START RECORDS SHOWN

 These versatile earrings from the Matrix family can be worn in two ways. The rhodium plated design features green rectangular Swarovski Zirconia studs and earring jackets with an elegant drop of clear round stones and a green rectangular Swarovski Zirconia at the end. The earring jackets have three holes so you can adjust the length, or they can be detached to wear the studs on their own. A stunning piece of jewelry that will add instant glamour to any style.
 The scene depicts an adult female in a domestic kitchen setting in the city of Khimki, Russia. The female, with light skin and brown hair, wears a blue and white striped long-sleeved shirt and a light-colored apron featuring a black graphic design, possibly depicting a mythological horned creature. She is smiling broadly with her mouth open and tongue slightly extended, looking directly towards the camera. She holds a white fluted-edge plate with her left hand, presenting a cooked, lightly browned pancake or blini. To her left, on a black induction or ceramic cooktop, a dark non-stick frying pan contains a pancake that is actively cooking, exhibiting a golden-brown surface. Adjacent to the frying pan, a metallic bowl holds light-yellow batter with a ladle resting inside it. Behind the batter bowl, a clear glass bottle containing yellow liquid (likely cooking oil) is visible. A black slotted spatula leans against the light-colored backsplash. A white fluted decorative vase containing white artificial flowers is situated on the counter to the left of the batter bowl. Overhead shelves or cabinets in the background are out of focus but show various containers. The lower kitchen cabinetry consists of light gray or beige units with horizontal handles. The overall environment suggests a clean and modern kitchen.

END RECORDS SHOWN
START RECORDS SHOWN

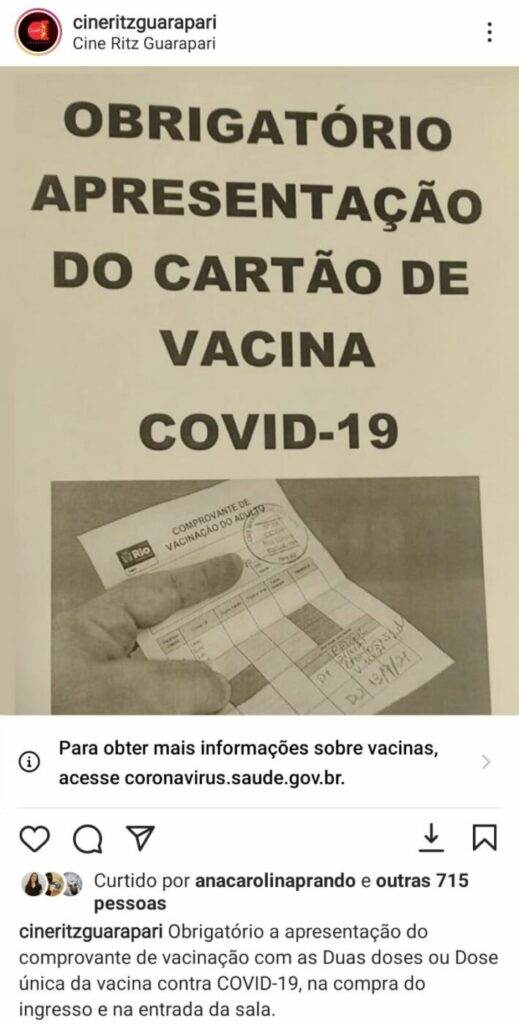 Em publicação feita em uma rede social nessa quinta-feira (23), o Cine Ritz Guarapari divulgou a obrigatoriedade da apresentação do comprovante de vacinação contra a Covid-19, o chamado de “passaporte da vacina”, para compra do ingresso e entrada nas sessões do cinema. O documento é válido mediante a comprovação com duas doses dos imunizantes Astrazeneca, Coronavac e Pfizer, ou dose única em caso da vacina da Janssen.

END RECORDS SHOWN
START RECORDS SHOWN

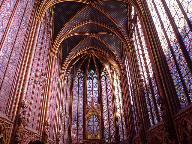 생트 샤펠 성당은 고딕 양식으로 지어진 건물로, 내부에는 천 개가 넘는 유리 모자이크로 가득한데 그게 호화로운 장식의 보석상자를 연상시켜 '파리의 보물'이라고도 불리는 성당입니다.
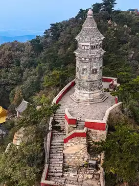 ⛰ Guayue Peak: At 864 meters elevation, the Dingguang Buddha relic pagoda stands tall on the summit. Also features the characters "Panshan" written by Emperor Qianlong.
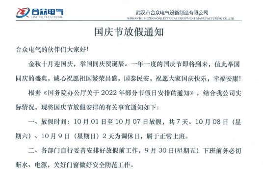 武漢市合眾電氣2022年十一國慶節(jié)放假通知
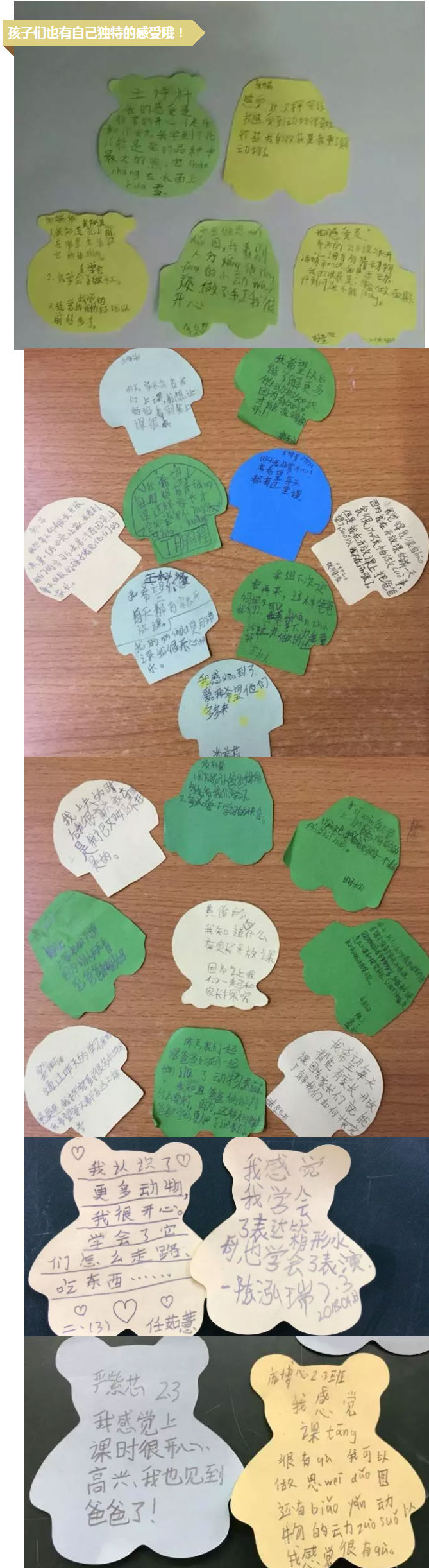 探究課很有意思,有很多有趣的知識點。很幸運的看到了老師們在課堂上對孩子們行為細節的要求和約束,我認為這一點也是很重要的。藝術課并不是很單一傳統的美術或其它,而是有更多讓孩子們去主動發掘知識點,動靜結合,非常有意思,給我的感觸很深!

END RECORDS SHOWN

**WHAT NEEDS TO BE DONE**
Above this task is a listing with pictures in it. Retype only the lines from the one containing "by Emperor Qianlong." through the one containing "探究課很有意思,有很多有趣的", both included, and not the pictures.

**THE ANSWER**
 ⛰ Guayue Peak: At 864 meters elevation, the Dingguang Buddha relic pagoda stands tall on the summit. Also features the characters "Panshan" written by Emperor Qianlong.
 武漢市合眾電氣2022年十一國慶節(jié)放假通知
 探究課很有意思,有很多有趣的知識點。很幸運的看到了老師們在課堂上對孩子們行為細節的要求和約束,我認為這一點也是很重要的。藝術課并不是很單一傳統的美術或其它,而是有更多讓孩子們去主動發掘知識點,動靜結合,非常有意思,給我的感觸很深!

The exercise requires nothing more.